THE PROBLEM -
Beginning with the line that holds "28/03/2018 La caméra" in the data below, give again every line through the one that holds "When eco-printing, silk", exactly as written.

DATA -
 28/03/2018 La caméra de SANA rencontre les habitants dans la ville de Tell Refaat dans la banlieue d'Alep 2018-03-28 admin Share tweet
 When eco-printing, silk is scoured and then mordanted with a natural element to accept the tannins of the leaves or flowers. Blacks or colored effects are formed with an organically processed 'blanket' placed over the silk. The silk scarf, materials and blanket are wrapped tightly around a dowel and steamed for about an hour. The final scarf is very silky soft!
--
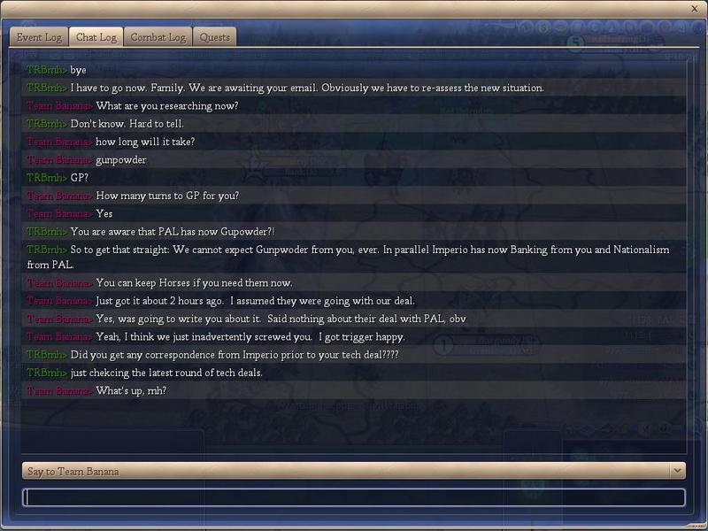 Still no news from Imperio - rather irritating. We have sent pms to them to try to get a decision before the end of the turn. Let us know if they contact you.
---
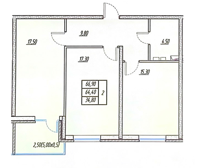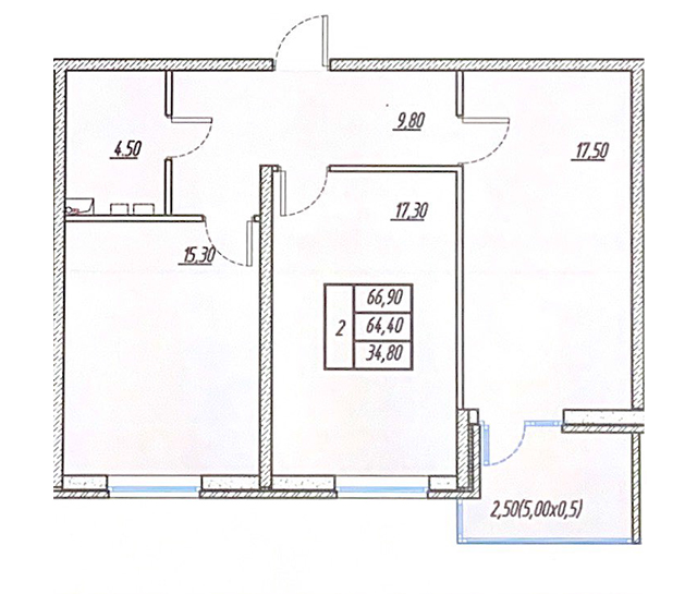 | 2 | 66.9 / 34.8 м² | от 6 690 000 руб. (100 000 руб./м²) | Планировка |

EXERCISE SOLUTION -
 28/03/2018 La caméra de SANA rencontre les habitants dans la ville de Tell Refaat dans la banlieue d'Alep 2018-03-28 admin Share tweet
 When eco-printing, silk is scoured and then mordanted with a natural element to accept the tannins of the leaves or flowers. Blacks or colored effects are formed with an organically processed 'blanket' placed over the silk. The silk scarf, materials and blanket are wrapped tightly around a dowel and steamed for about an hour. The final scarf is very silky soft!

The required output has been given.